Task inputs:

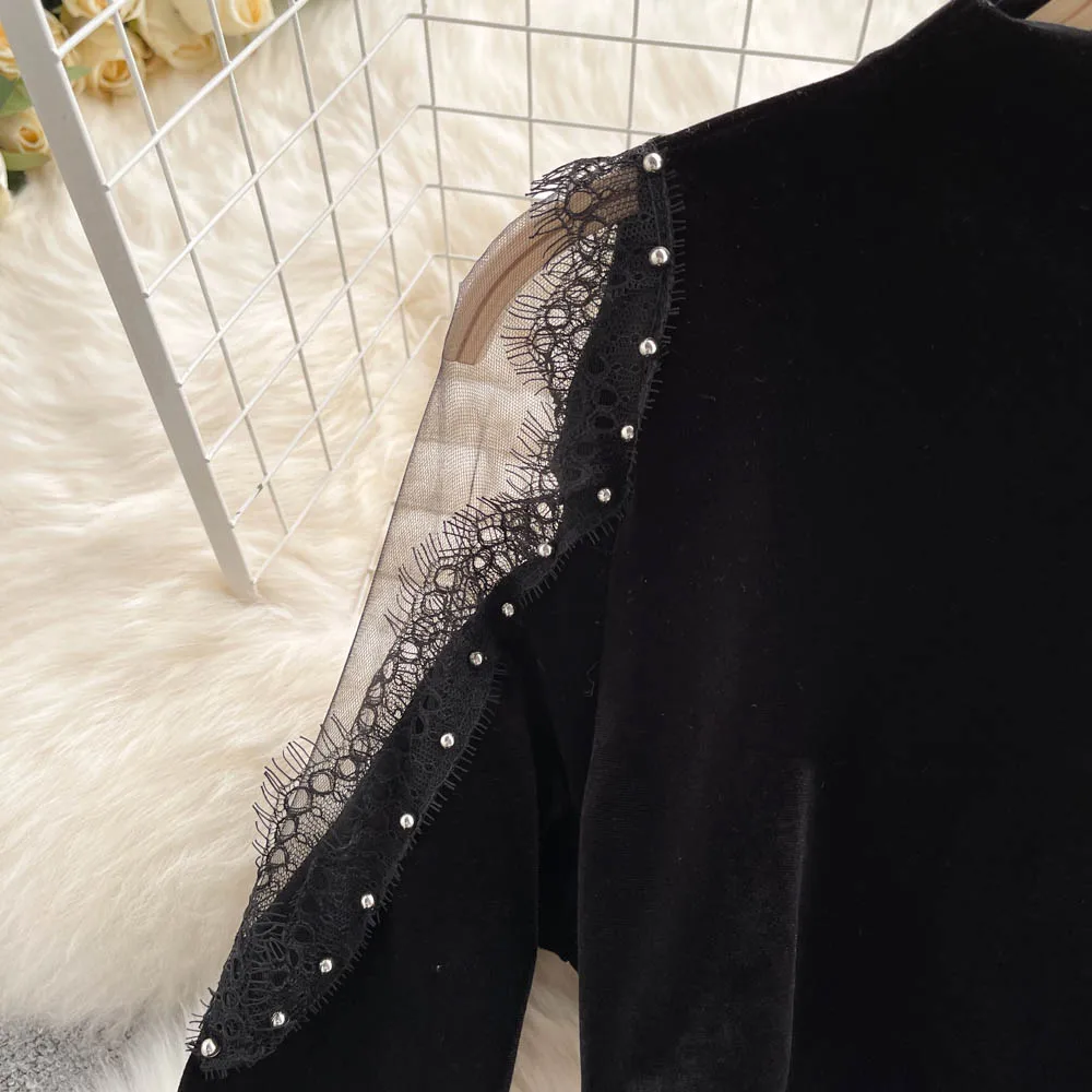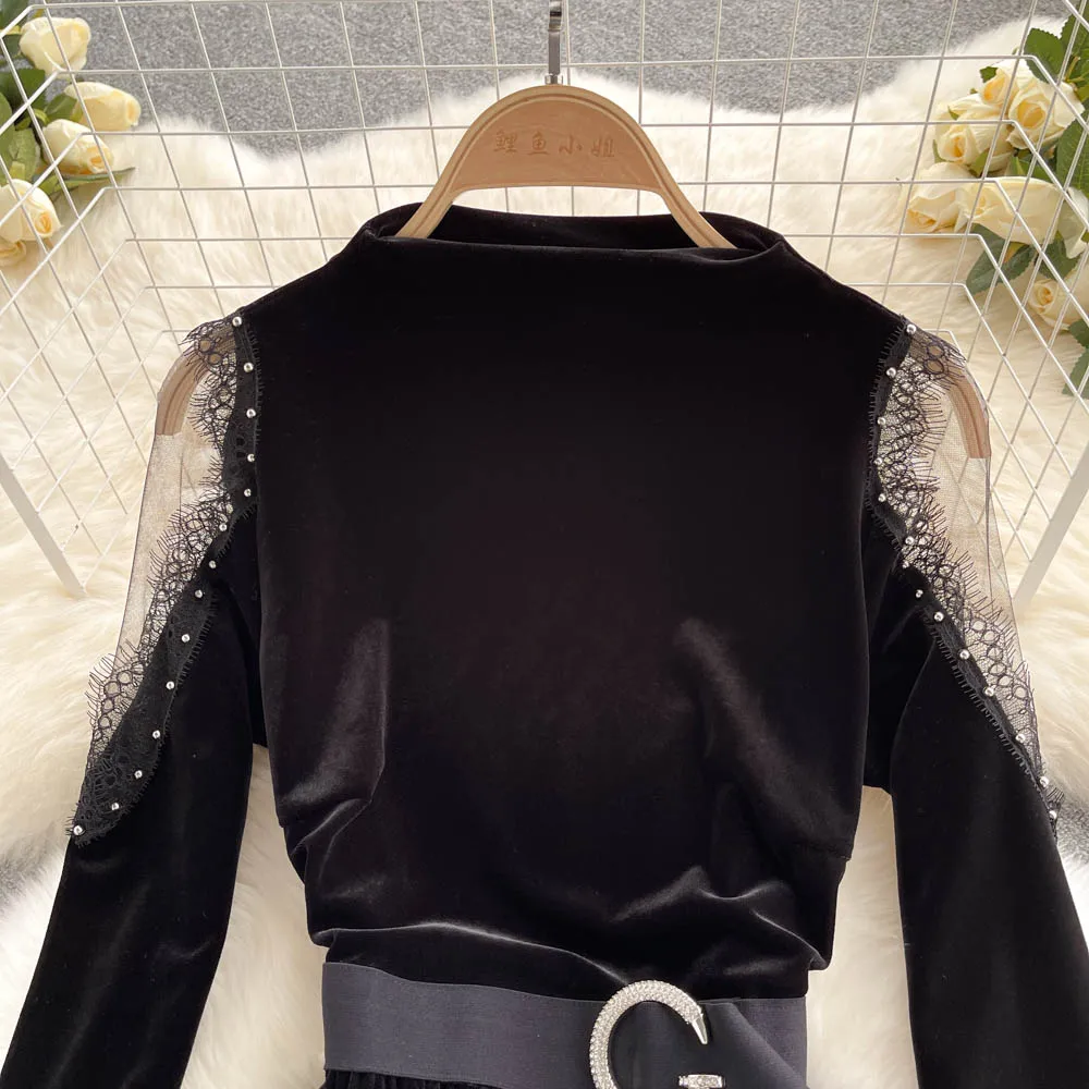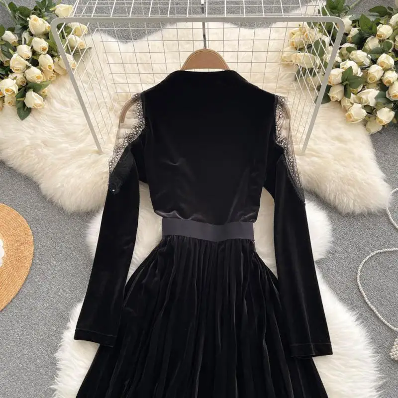 Женское бархатное платье с поясом на резинке, элегантное Плиссированное вечернее платье в стиле богини, черное удобное платье для весны и осени
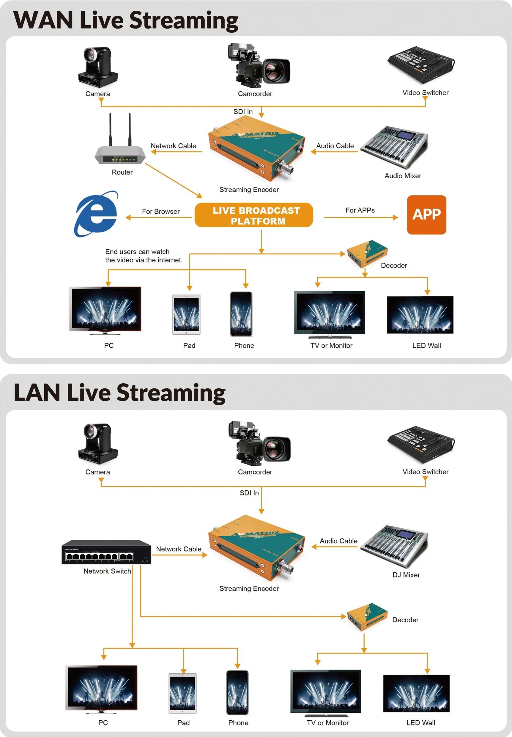 IP adresi üzerinden bir yayın sunucusuna çıkış yapmanıza olanak tanıyan AVMATRIX H.264/H.265 SDI Yayın Kodlayıcı, bir bilgisayara bağlanmadan verimli şekilde canlı yayın yapmanızı sağlar. SDI girişi ve döngü çıkışının yanı sıra bağımsız bir 3.5 mm ses girişi sunar. Bu sayede gömülü ses ile birlikte 1080p60’a kadar videoyu bir IP akışına kodlayabilir veya yalnızca sesi kodlamayı seçebilir ve her iki sinyali de Ethernet arayüzü üzerinden gönderirken giriş videosunu yerel olarak izleyebilirsiniz. Facebook, YouTube ve Wowza gibi popüler yayın platformlarına; düğün canlı yayınları, spor etkinlikleri, canlı tıbbi yayınlar ve eğitim faaliyetleri gibi uygulamalar için yayın yapabilirsiniz. Kodlayıcı, ana akış ve alt akış üzerinden çift akış (dual streaming) desteği sağlar. Ayrıca görüntü ve metin bindirme ile ayna/flip efektleri kaynağın üzerine uygulanabilir. Tüm seçenekler bir Web kullanıcı arayüzü üzerinden ayarlanabilir.
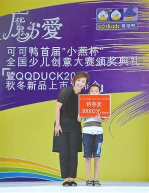 据悉,绘画大赛历经赛事作品征集、海选期及网络投票评选期,在公平公正的基础上评选出100名获奖作品。当特等奖奖品3万元可可鸭现金券颁发到作者手中,全场响起了热烈的掌声,大家由衷地为这位未来之星喝彩。据可可鸭品牌童装董事长程春桃女士介绍,“本次大赛为孩子们提供了一个挥洒创意与才艺的平台,可可鸭品牌童装希望把对孩子的爱通过企业所承担的社会责任传递下去,为孩子们搭建一个通往艺术、通往美好未来的桥梁。”(吴逸君)
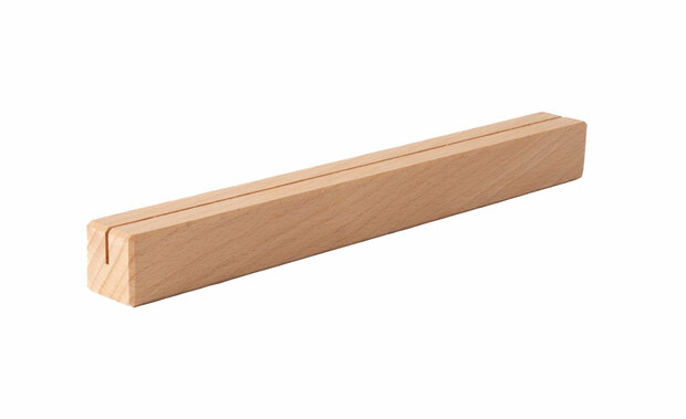 Houten houder Deze prachtige houten houders zijn perfect voor het op een tafel of balie presenteren van uw informatie. Deze houders zijn geschikt voor het insteken van documenten met een maximale dikte van 2mm. De toepassingen van deze houders zijn eindeloos, variërend van het tonen van menukaarten in een restaurant tot het promoten van aanbiedingen in een winkel, het presenteren van brochures/flyers op een beurs of het tentoonstellen van foto's bij een expositie. Formaat 30 cm x 3 cm x 3 cm Sleufbreedte: 2 mm Sleufdiepte: 1,5 cm Materiaal Gemaakt van hoogwaardig hout, biedt deze houder een natuurlijke en rustieke uitstraling die perfect past bij elke sfeer. Bedrukking De houders zijn standaard onbedrukt, maar kunnen op aanvraag worden voorzien van een bedrukking Voor meer informatie over alle mogelijkheden kunt u kijken op onze pagina "Bedrukking / Maatwerk".
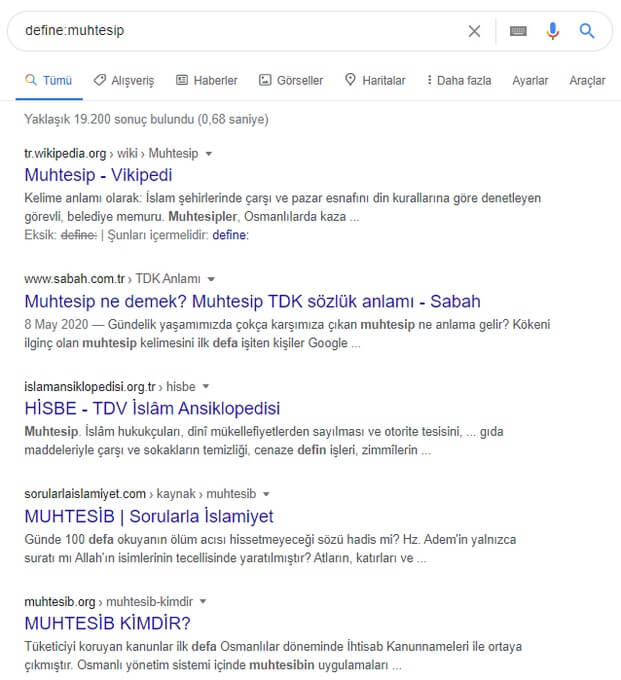 Örneğin: define:muhtesip
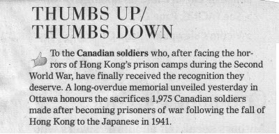 CBC - (from the Canadian Press) Memorial Honours Canada's Hong Kong Veterans, 13 August
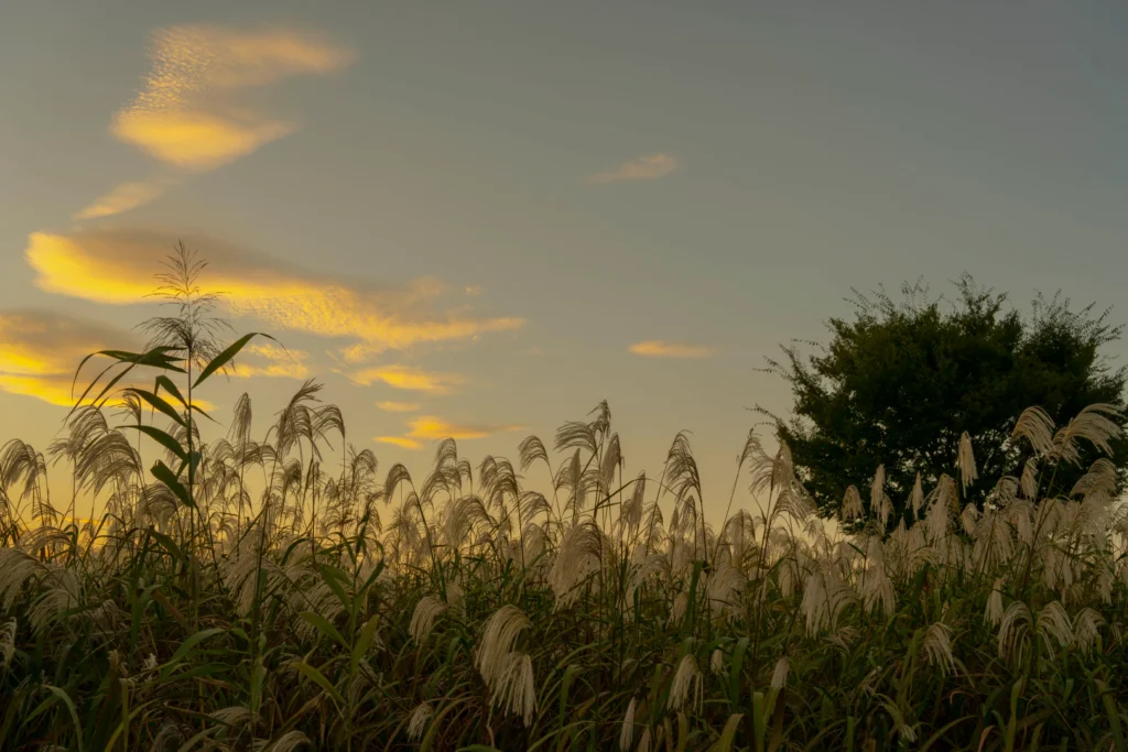 해가 서쪽으로 지며 갈대를 비추는 시간대입니다.
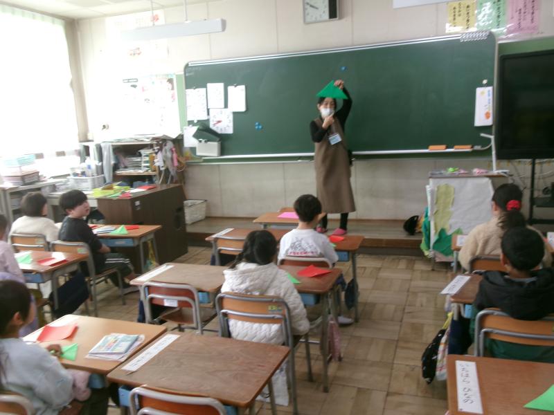 1年生と2年生は、「折り紙の会トトロ」のみなさんに折り紙を教えていただきました。

What you will do: Make an exact copy of the lines from the one holding "CBC - (from" through the end of the material, both ends included, and keep the pictures out of it.

Response area:
 CBC - (from the Canadian Press) Memorial Honours Canada's Hong Kong Veterans, 13 August
 해가 서쪽으로 지며 갈대를 비추는 시간대입니다.
 1年生と2年生は、「折り紙の会トトロ」のみなさんに折り紙を教えていただきました。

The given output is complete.